Just down the road from Wal-Mart, Panattoni and Wickland Oil Co. are in contract to sell about 4 of 12.5 acres both firms own on the southeast corner of North First Street and Vaughn Road to Tractor Supply Co., which would be a 50,000 square-foot facility. The firm has 300 locations in the Midwest. But there are a lot of approvals in the entitlement process, and the contract is contingent upon those approvals, he said.
"If the deal with Tractor Supply goes, we will probably build about a 12,000 to 13,000 square-foot retail strip center at that same corner," Jeary said. "And then we're talking other prospects as well.
Jeary said Dixon's residential base is also part of what attracts retail interests to the city. And as those business developments move forward, that also attracts retail, he said.
According to Drack, some recent business development projects in Dixon include:
• a 28,000-square-foot
office building and another 28,000 square-foot industrial building Vaughn Road;
• a 13,350-square-foot commercial building in the approval process on Market Lane;
• 34,901 square feet of commercial buildings on North Lincoln Street;
• a 5,600-square-foot building under construction on North First Street;
• 5,525 square feet of retail commercial buildings on North Lincoln at Russell Lane; and
• 5,000 square feet of commercial and 8,000 square feet of retail buildings on East Dorset Drive.

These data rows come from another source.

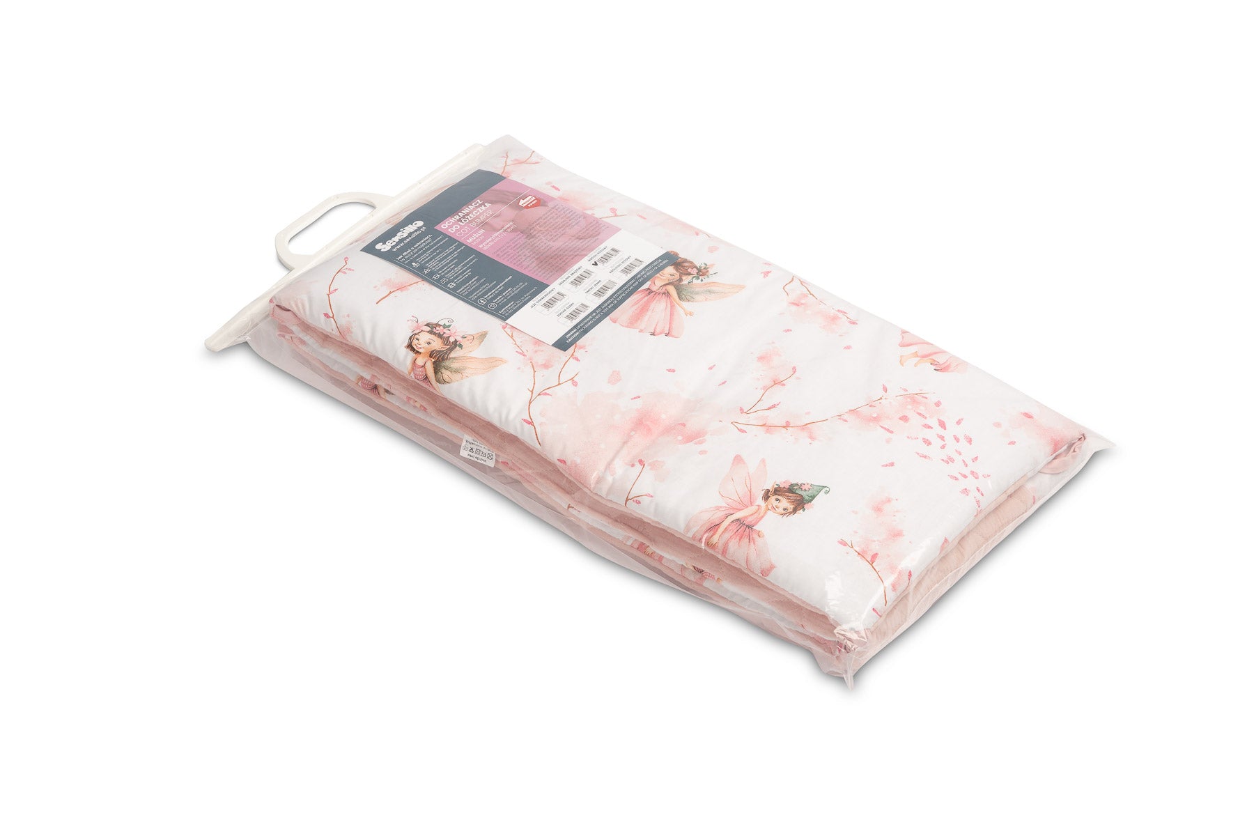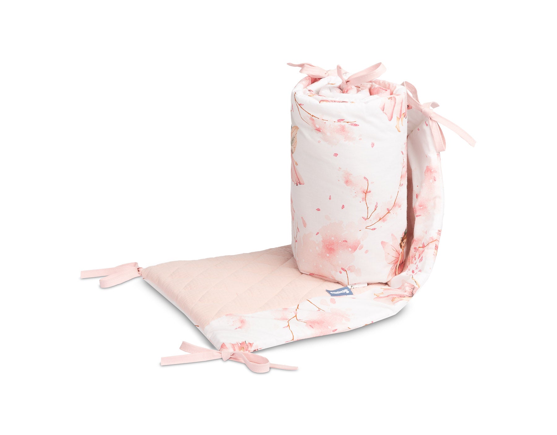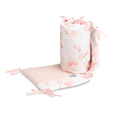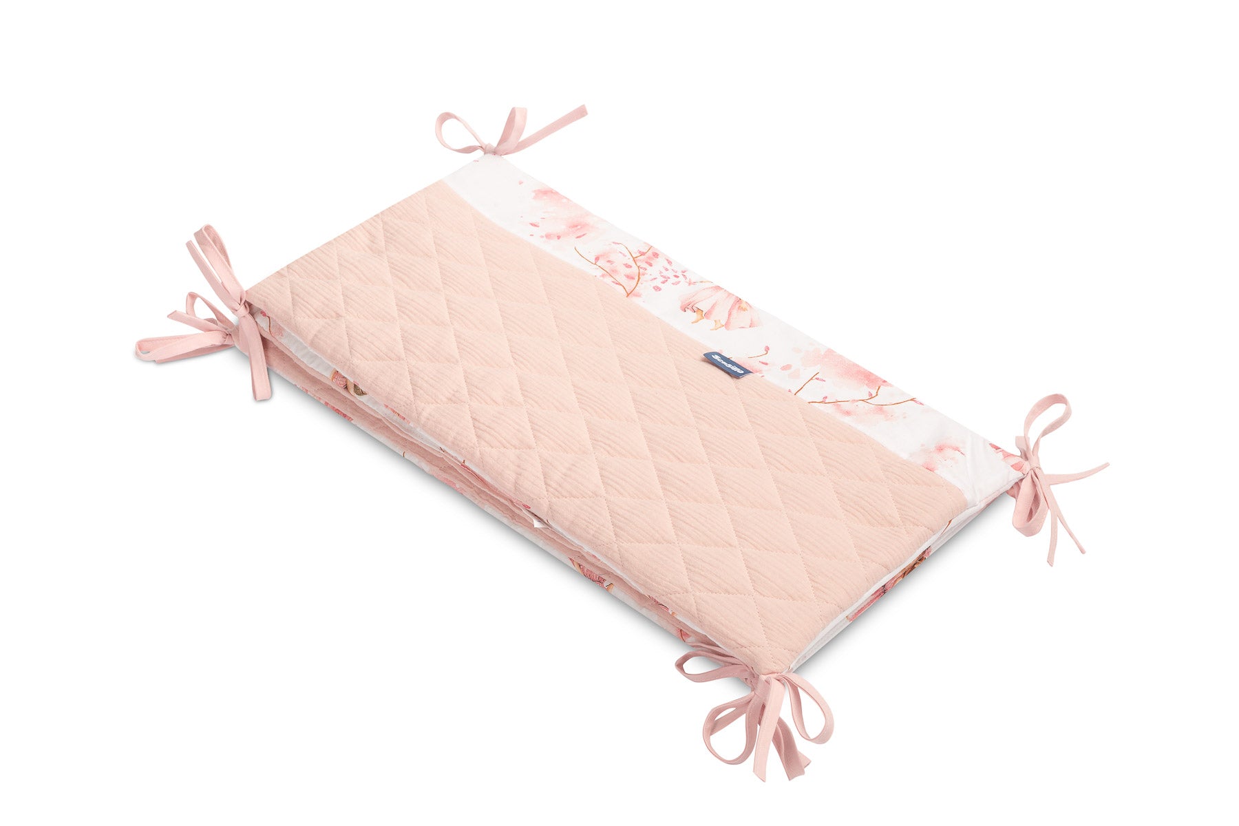 Ochronny brzeg do łóżeczka pasuje do każdego standardowego łóżeczka dziecięcego. Brzeg wykonany jest z miękkiej drukowanej bawełny i przyjemnego w dotyku muślinu. Wypełnienie z poliestru ochroni dziecko przed urazami podczas poruszania się po łóżeczku. Brzeg pozostaje na swoim miejscu dzięki paskom, którymi mocuje się do szczebelków łóżeczka. Przeznaczony jest do łóżeczka o wymiarach 120x60 cm. Brzeg będzie doskonałym dodatkiem do wyposażenia dziecięcego.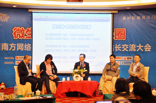 经历了由web1.0到web2.0的升级应用,全国性综合门户的崛起到地方门户的普及,行业细分到垂直门户的出现,互联网发展至今已经是百花齐放,SNS泛滥、移动互联网诞生、电子商务平台的繁荣昌盛,可谓是无处不在,全方位覆盖与纵伸。然而,在中国互联网不断发展的同时,作为网络最活跃与躁动的几类人群——QQ群主、微博达人、网络站长,也在不断思考与探索着,尝试寻找一条适合自己Q群、微博、网站发展的道路,而本次的首届南方网络微博达人、QQ群主、站长交流大会也应运而生了。
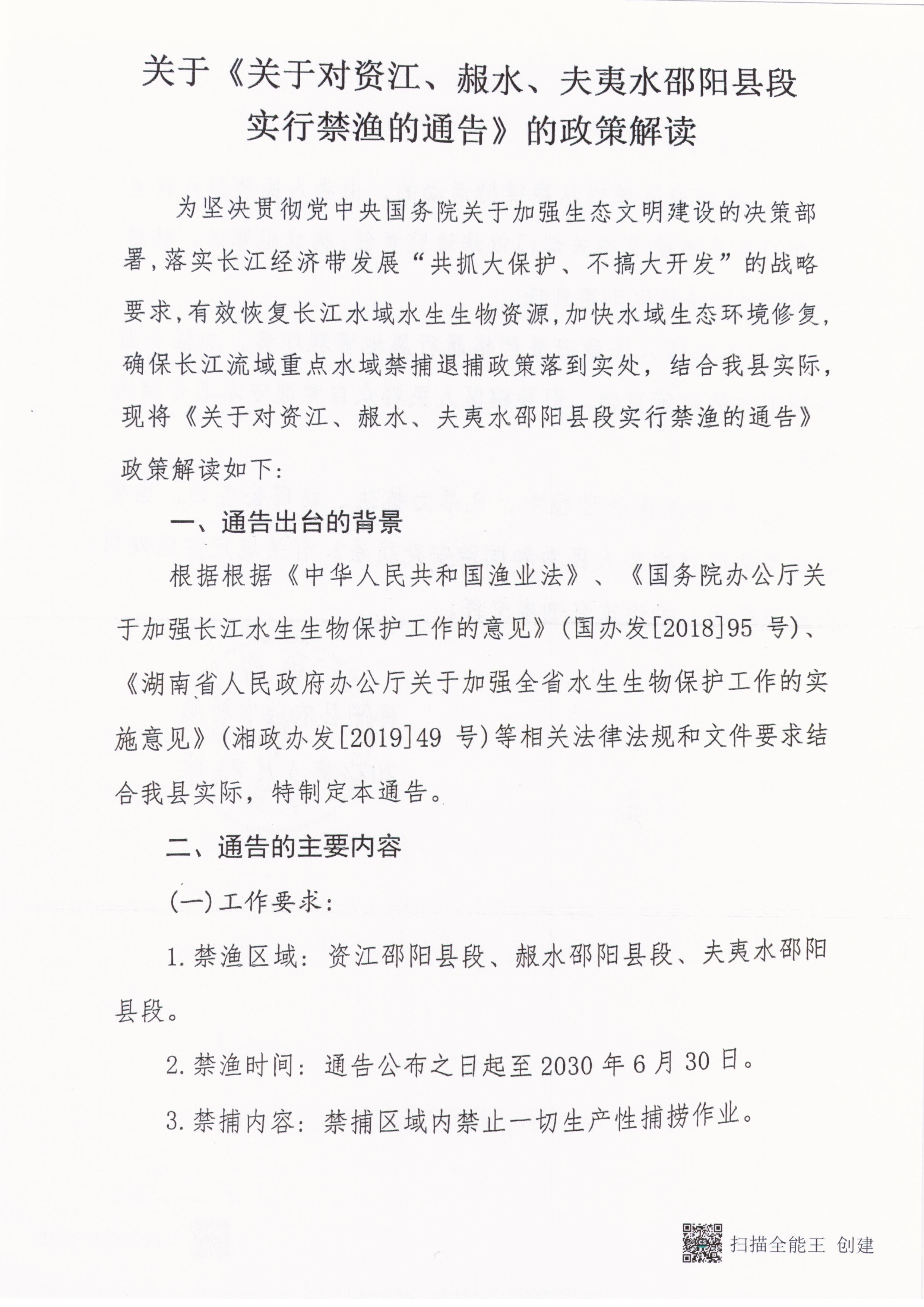 【文字】关于对资江、赧水、夫夷水kaiyun体育娱乐段实行禁渔的通告的政策解读

That's a tremendous change from what the city has seen in the past 15 years, Jeary said, noting there have been some significant office deals consummated.
Panattoni built the still fairly new Vacaville-based Dependable Heating & Air Conditioning facility on North First Street. Two businesses - KBI Construction and ISEC - have leased office space in the facility, about 10,000 square feet each.
"Those are big leases for the city of Dixon," Jeary said. "That's a 25,000 square-foot office and production facility, so those are three great deals that Dixon has landed in the last year and one half."
The city is also marketing Dixon with a new glossy brochure that boasts the city is business friendly, its strategic location between Sacramento and San Francisco, close proximity to the University of California, Davis and more.
Major employers in Dixon include Wal-Mart, 400 jobs; Campbell's Soup Supply Co., 350 jobs; Kragen Distribution Center, 270 jobs; Gymboree Corp. U.S. Distribution Center, 200 jobs; First Northern Bank, 160 jobs; Superior Meat Packing, 160 jobs; and Cardinal Health, 300 jobs.
Drack said the new businesses continue to provide Dixon with healthy sales tax revenue. Sales tax revenue comes from the retail concerns, whereas property tax dollars come from the equipment in the large buildings, some of which can contain millions of dollars worth of equipment, Drack said.
Jeary said it's hard to say what's on the 2005 horizon, but he's optimistic.
"I think we're excited about what's happening in Dixon and all the recent activity. I think there's going to be more of that."
Panattoni also owns about 28 acres of industrial land on Fitzgerald Drive, However, the industrial market has been slow, he said.
"I think we could call it a secondary or tertiary market because of its distance from the main market of metropolitan Sacramento," he said. "It's far enough away that a lot of users won't look at it. It's a little too far out of their search area."